Pick up the packet and shuffle it some more while maintaining the two/four/four groupings just described, with the good cards in the middle group. For instance, the "quad run" false shuffle mentioned earlier is appropriate here, shuffling off the same number of cards (at least five) four times. (There are other, more complex shuffling possibilities.)

"First, we each need a hole card. You decide which one I get and which one you get." Invite the spectator to take the top two cards, look at them, and put one in front of each of you, face down, as hole cards. "Next, you'll decide on two cards for your pile, then two for my pile, then one more for your pile, then one more for mine. Finally, I'll deal whatever two cards remain—something you will have determined—the first one goes to you, the second to me."

Hold the next two cards of the packet in front of you, making sure that nobody can see their faces. "One of these cards will be added to your pile, the other will be tucked underneath the packet in my hand. You decide which you get." If the spectator selects the top card, deal it to appropriate pile, and tuck the next card underneath the remaining cards in your hand. If the spectator wants the second card, tuck the first card underneath and deal the second card to the pile. Repeat for the next two cards; the net result is that three cards are now in a pile in front of the spectator, and two have been tucked underneath. Next, give the spectator the same freedom of choice for the next two pairs of cards, only this time the cards selected are dealt into the second pile in front of you.

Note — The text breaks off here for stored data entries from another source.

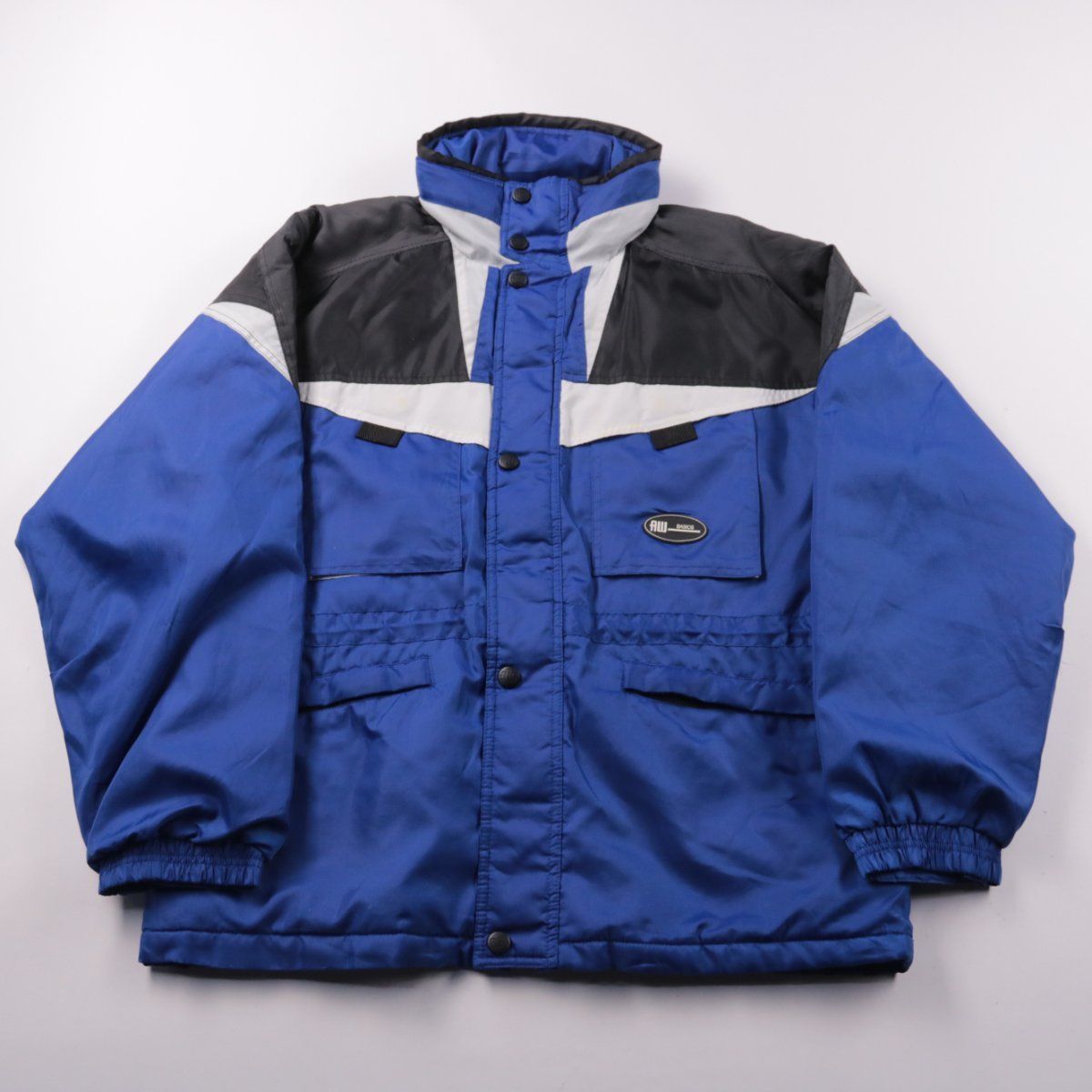 Зимняя куртка AW Works в синем цвете с чёрно-белыми вставками и высоким воротником. Подойдёт для повседневной носки и работы на улице в холодную погоду. Практичный плюс — плотная ткань и удобные карманы на кнопках.
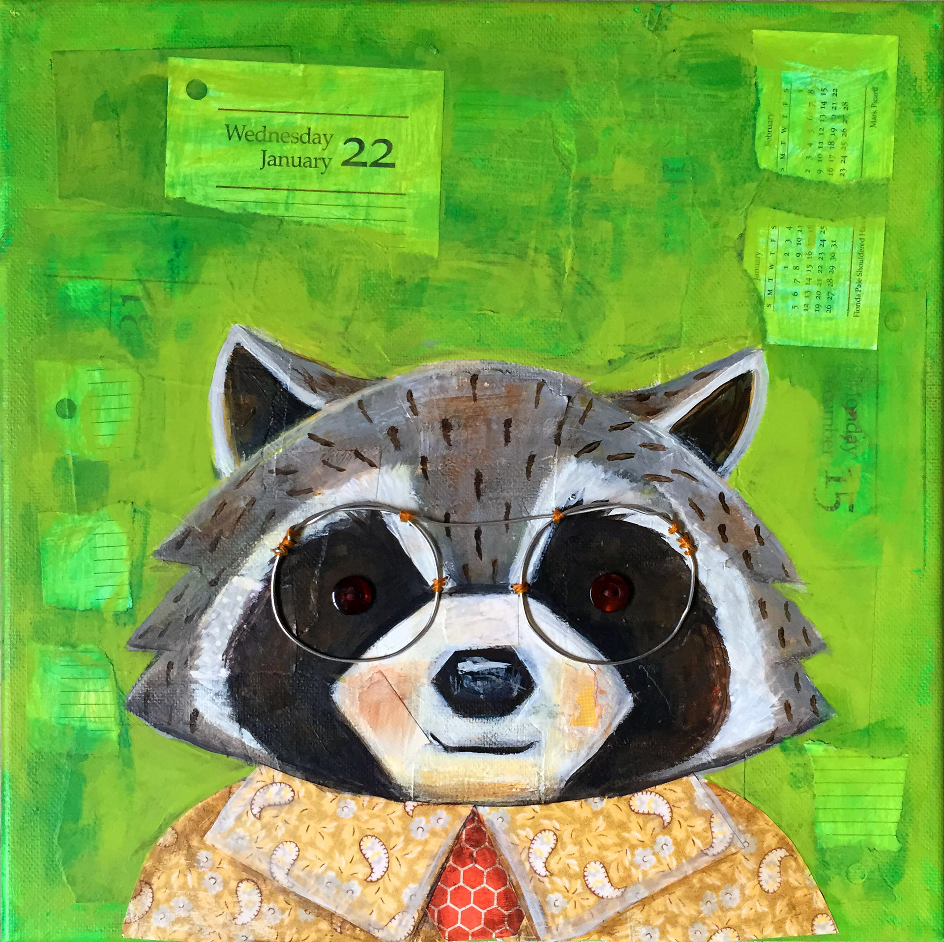 Mixed media painting using collaged paper, book pages, acrylic paint, wire, buttons, embroidery thread
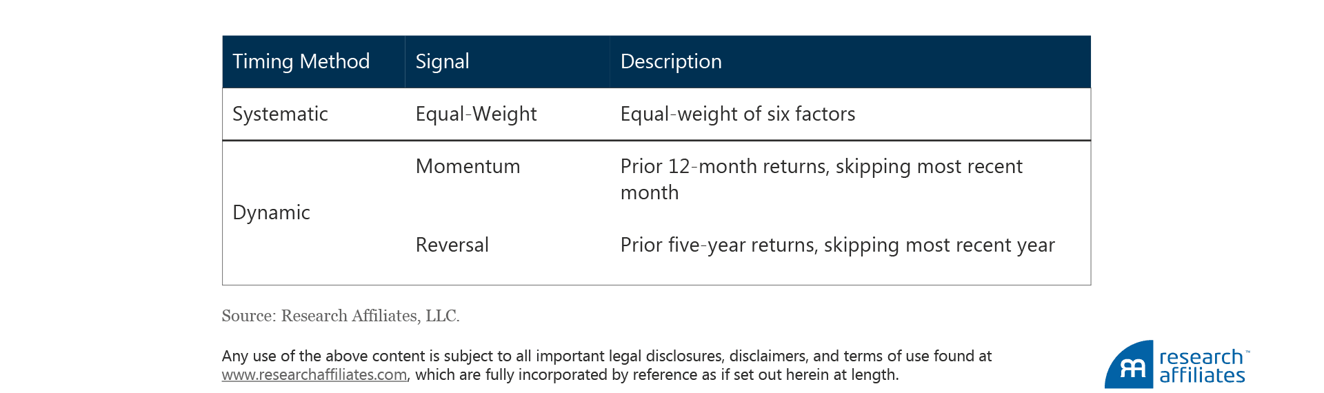 The following timing methods are employed across factors:
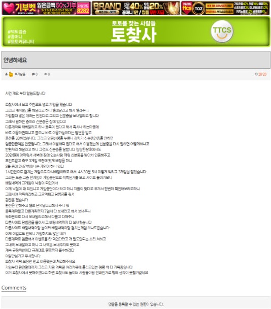 ![]() ![]() ![]() ![]() 토찾사 보증업체 쓰다가 먹튀 당하고 고객센터에 글올리고 자고 일어나보니 제글은 블라인드 처리되잇고 고객센터로 문의달라고 해서 사이트내에 고객센터에 글도 남겨도 반응이 없길래 텔레 고객센터로 연락주니 사이트 내에 고객센터로 있었던일을 보내달랍니다 그래서 보냇다고 하니 갑자기 토찾사 커뮤아이디도 짤랏네요 다른글 보다가 토찾사도 한통속 아닐까 싶었는데 혹시나가 역시나네요 보증해줄 마음 1도없었습니다 이사람들 소액이라도 저사람들이랑 대화하면 대놓고 안줄려고하는게 보여서 턱 싹다 돌아가니 조심하세요 일개 유저 1명이라고 소액유저 1명이라고 아이디 짤라버리면 그만이라고 생각하는 토찾사 그 보증업체 놀이터 또 다른 피드백있으면 다시올게요 댓글 0
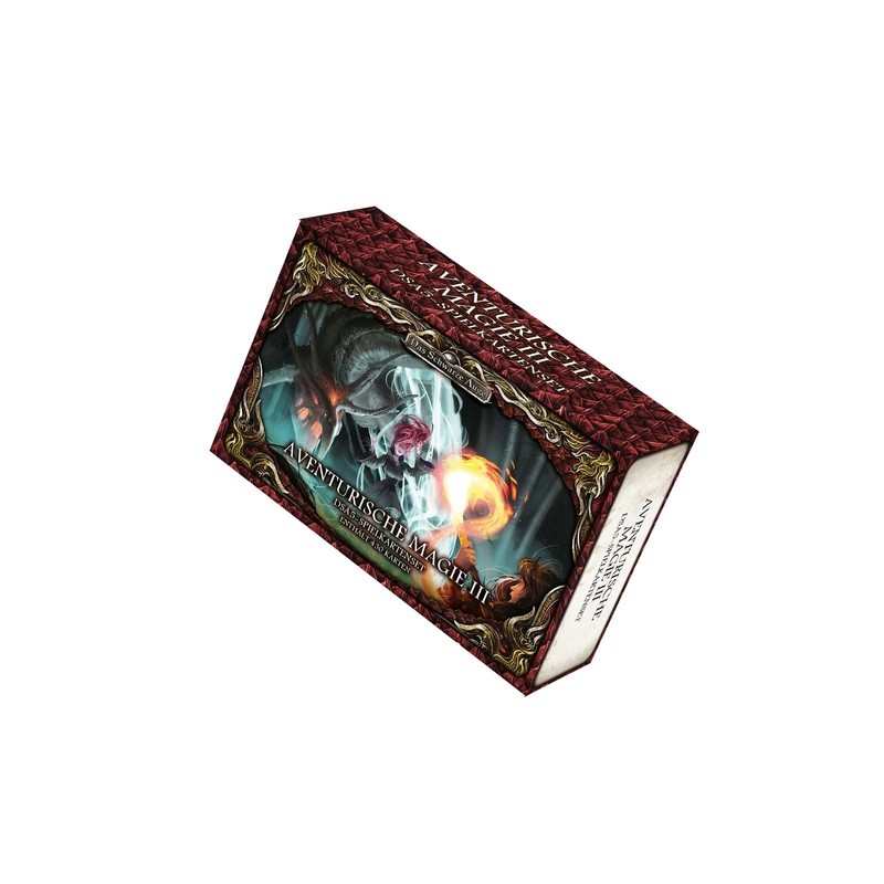 Dieses Spielkartenbundle enthält alle Spielkarten zu Vor- und Nachteilen, Sonderfertigkeiten, Zaubern und anderen nützlichen Übersichten aus Aventurische Magie III.
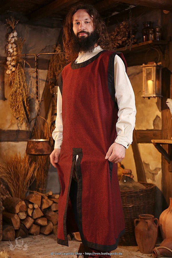 Dieser zweifarbiger Waffenrock ist ein ärmelloses Obergewand mit rundem Halsausschnitt und einer dekorativen schwarzen Bordüre. Der knielange Rock verfügt über vier Gehschlitze und erlaubt dadurch auch das Reiten zu Pferd. Das tragen des Waffenrocks über Kettenhemd oder Rüstung ist durch die Einheitgröße problemlos möglich.
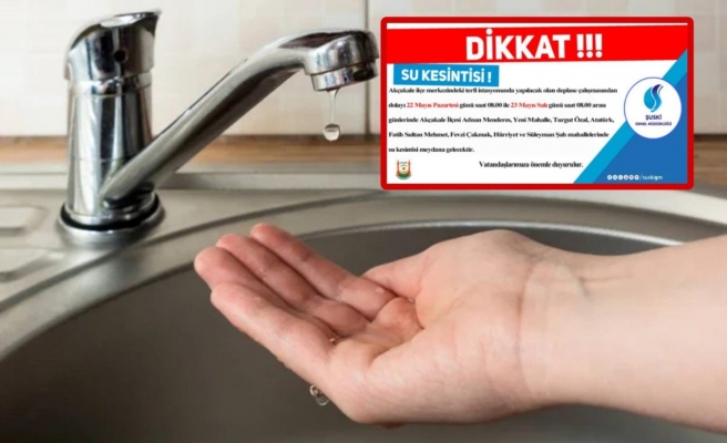 ŞUSKİ’den yapılan açıklamada, “Akçakale ilçe merkezindeki terfi istasyonunda yapılacak olan deplase çalışmasından dolayı 22 Mayıs Pazartesi günü saat 08.00 ile 23 Mayıs Salı günü saat 08.00 arası günlerinde Akçakale İlçesi Adnan Menderes, Yeni Mahalle, Turgut Özal, Atatürk, Fatih Sultan Mehmet, Fevzi Çakmak, Hürriyet ve Süleyman Şah mahallelerinde su kesintisi meydana gelecektir” ifadelerine yer verildi.

Then, repeat for the next pair of cards in the packet, dealing the selected card onto the spectator's pile, and finally once more with the next pair of cards, dealing the selected card onto your own pile. "That's four cards for each of us," you comment, "We need one more apiece." Deal out the last two cards just as you promised you would; the top one to the spectator's pile, and the bottom one to your own pile.

"You had so many free choices, and I bet used them wisely! I think you'll find that you have a poker hand that will easily beat mine." Have the two piles turned over to verify your claim. (You can always control who has the better hand of course, but we've suggested that you let the spectator win here for a change.)

Once you have mastered both of the Better Poker selection processes above, you could be brave and ask for ten cards in the hope that the packet as it is given to you permits proceeding directly to either the Gardner or the Simon inspired routines, without the need to drop cards in small clumps on the fly to prepare for one of those scenarios. In other words, you may find that either there is a set of winning cards—such as a matching pair—internally separated by an odd numbers of cards, which would permit going the Gardner route, or there is a set of winning cards clustered in either the bottom four cards or the four cards above those. In the latter case, you would then be ready to go the Simon route, provided that the out-of-your-control distribution of the first two cards could not upset the "balance of power." (The positions just referred to are from the perspective of the packet in face-down position, ready to distribute. Everything will of course be reversed when you scan the card faces.) In fact, if there is just one matching pair, separated by an even numbers of cards, then a simple cut of the packet sets things up for the Simon scenario—unless the two cards in question are separated by four others. In that case, you can just split the packet into two groups of five cards and push them together to get the two important cards closer together and then proceed as above.

Now that know how to conspire to have winning (or losing) poker hands, under conditions that appear quite fair, we should point out that none of this helps you to win at real games of poker, where the rules generally do not permit the kinds of peeking, shuffling, mixing and dealing considered above! I beg your pardon, I never promised you a song, reader.